Return the data below unaltered, but strip out the pictures.

■ **RAW DATA**:
[Start of section]

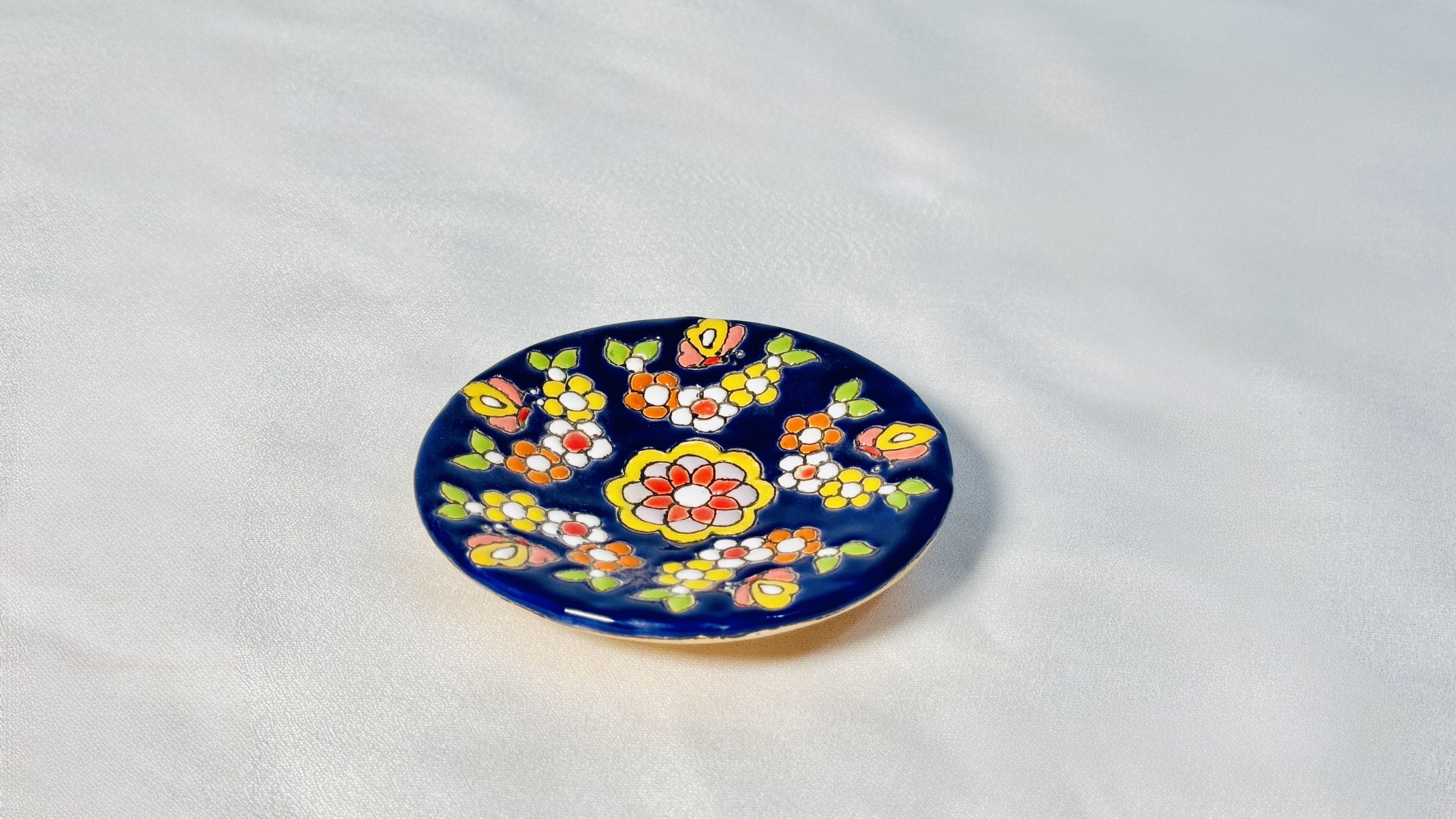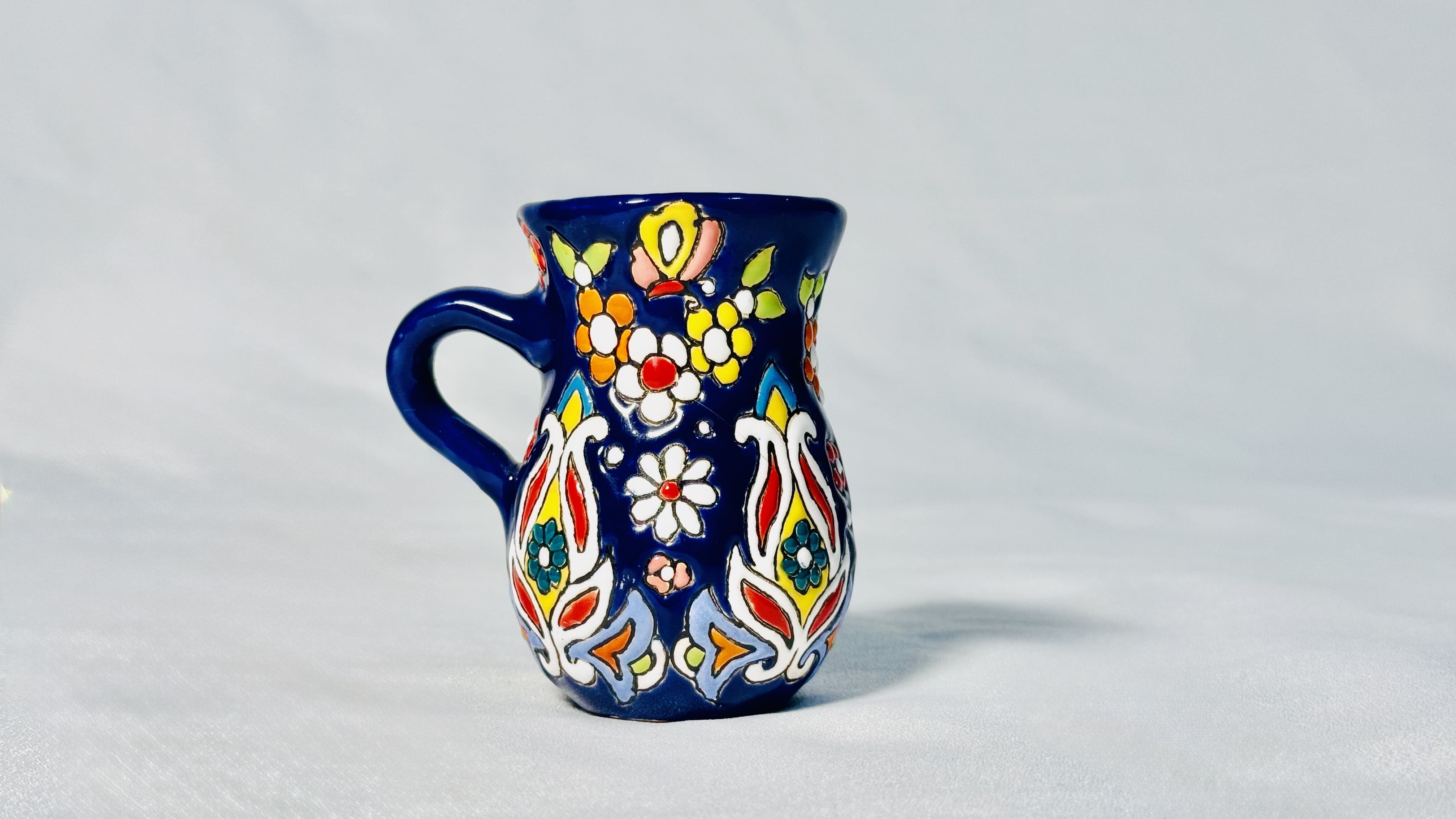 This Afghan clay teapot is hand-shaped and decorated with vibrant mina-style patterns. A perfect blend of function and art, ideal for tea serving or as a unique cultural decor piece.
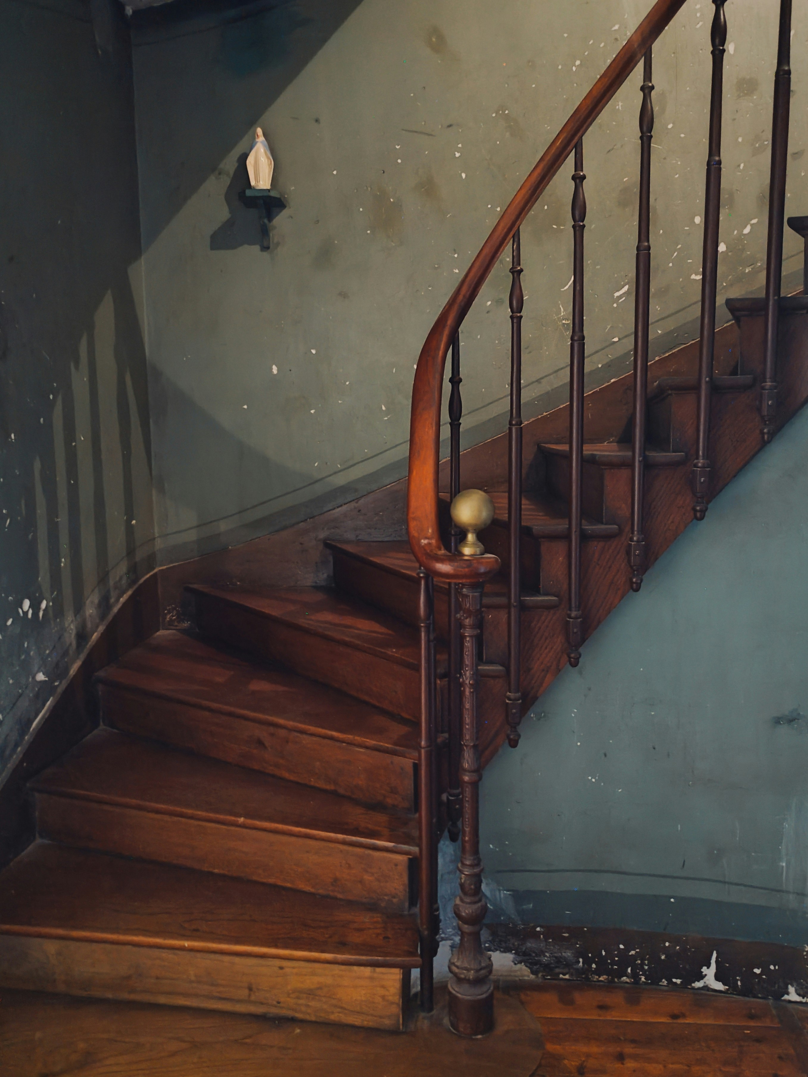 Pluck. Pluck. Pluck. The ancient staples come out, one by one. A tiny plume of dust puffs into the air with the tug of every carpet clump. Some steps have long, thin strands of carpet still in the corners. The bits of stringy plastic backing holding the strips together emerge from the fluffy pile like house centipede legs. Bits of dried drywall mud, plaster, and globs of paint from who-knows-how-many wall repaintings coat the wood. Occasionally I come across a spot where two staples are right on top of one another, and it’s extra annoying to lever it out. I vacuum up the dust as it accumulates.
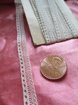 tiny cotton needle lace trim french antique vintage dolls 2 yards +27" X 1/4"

[End of section]

■ **ANSWER TO THIS PROBLEM**:
 This Afghan clay teapot is hand-shaped and decorated with vibrant mina-style patterns. A perfect blend of function and art, ideal for tea serving or as a unique cultural decor piece.
 Pluck. Pluck. Pluck. The ancient staples come out, one by one. A tiny plume of dust puffs into the air with the tug of every carpet clump. Some steps have long, thin strands of carpet still in the corners. The bits of stringy plastic backing holding the strips together emerge from the fluffy pile like house centipede legs. Bits of dried drywall mud, plaster, and globs of paint from who-knows-how-many wall repaintings coat the wood. Occasionally I come across a spot where two staples are right on top of one another, and it’s extra annoying to lever it out. I vacuum up the dust as it accumulates.
 tiny cotton needle lace trim french antique vintage dolls 2 yards +27" X 1/4"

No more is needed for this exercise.